Study material:
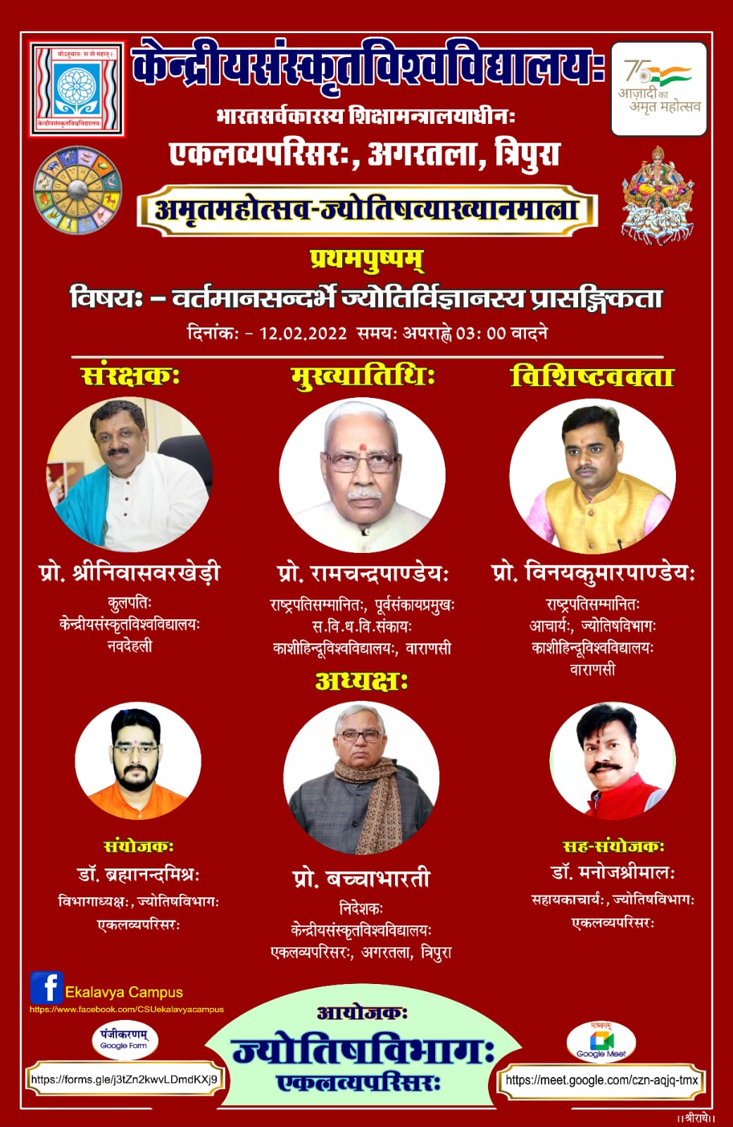 सविनयं भवन्तस्सूच्यन्ते यत् केन्द्रीयसंस्कृतविश्वविद्यालयस्य एकलव्यपरिसरस्य ज्योतिषविभागेन अमृतमहोत्सवमुपलक्ष्य ज्योतिषव्याख्यानमालाया: आयोजनं क्रियते। अस्या: व्याख्यानमालाया: प्रथमव्याख्यानम् १२/०२/२०२२ तमे दिनाङ्के अपराह्णे ३:०० वादने "वर्त्तमानसन्दर्भे ज्योतिर्विज्ञानस्य प्रासङ्गिकता" इति विषये समायोज्यते। तत्र भवतां समेषां सादरमुपस्थितिं कामयामहे। धन्यवाद:।
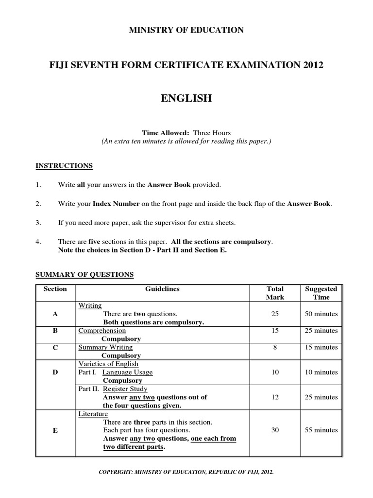 English: Fiji Seventh Form Certificate Examination 2012 PDF
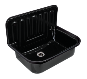 Описание Мивка Аусгус, стомана, черна, емайлирана С пластмасова рамка, черна Дебелина на стоманата на мивката 1 мм Включит. профил гръб…
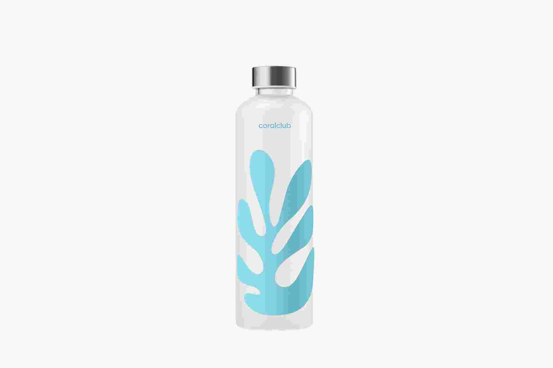 Fľaša na vodu z borosilikátového skla vytvorená špeciálne k 25. výročiu Coral Clubu.
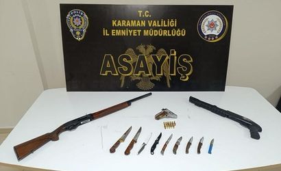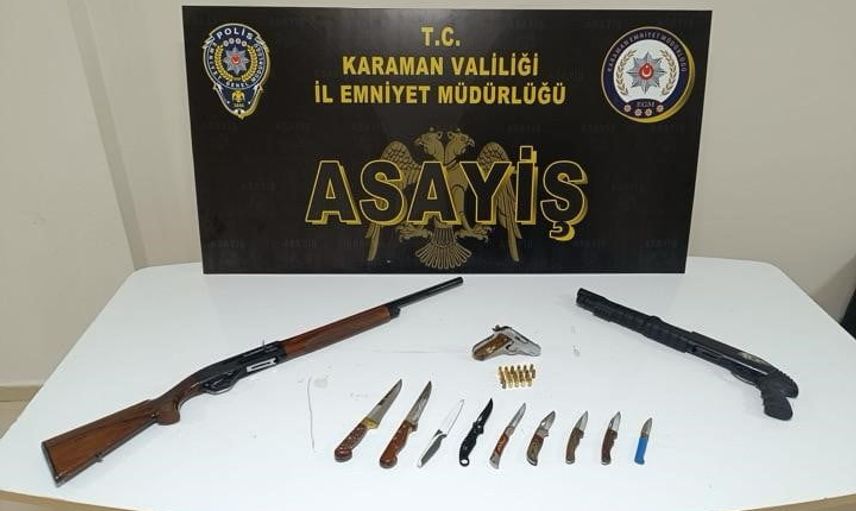 KARAMAN'DA POLİSİN YAPTIĞI UYGULAMALARDA 5 BİN 307 ADET UYUŞTURUCU HAP İLE RUHSATSIZ TÜFEKLER ELE GEÇİRİLİRKEN, ARANAN 6 ŞAHIS TUTUKLANDI.

Task description: Leave the images out and print each entry exactly.

Task output:
 सविनयं भवन्तस्सूच्यन्ते यत् केन्द्रीयसंस्कृतविश्वविद्यालयस्य एकलव्यपरिसरस्य ज्योतिषविभागेन अमृतमहोत्सवमुपलक्ष्य ज्योतिषव्याख्यानमालाया: आयोजनं क्रियते। अस्या: व्याख्यानमालाया: प्रथमव्याख्यानम् १२/०२/२०२२ तमे दिनाङ्के अपराह्णे ३:०० वादने "वर्त्तमानसन्दर्भे ज्योतिर्विज्ञानस्य प्रासङ्गिकता" इति विषये समायोज्यते। तत्र भवतां समेषां सादरमुपस्थितिं कामयामहे। धन्यवाद:।
 English: Fiji Seventh Form Certificate Examination 2012 PDF
 Описание Мивка Аусгус, стомана, черна, емайлирана С пластмасова рамка, черна Дебелина на стоманата на мивката 1 мм Включит. профил гръб…
 Fľaša na vodu z borosilikátového skla vytvorená špeciálne k 25. výročiu Coral Clubu.
 KARAMAN'DA POLİSİN YAPTIĞI UYGULAMALARDA 5 BİN 307 ADET UYUŞTURUCU HAP İLE RUHSATSIZ TÜFEKLER ELE GEÇİRİLİRKEN, ARANAN 6 ŞAHIS TUTUKLANDI.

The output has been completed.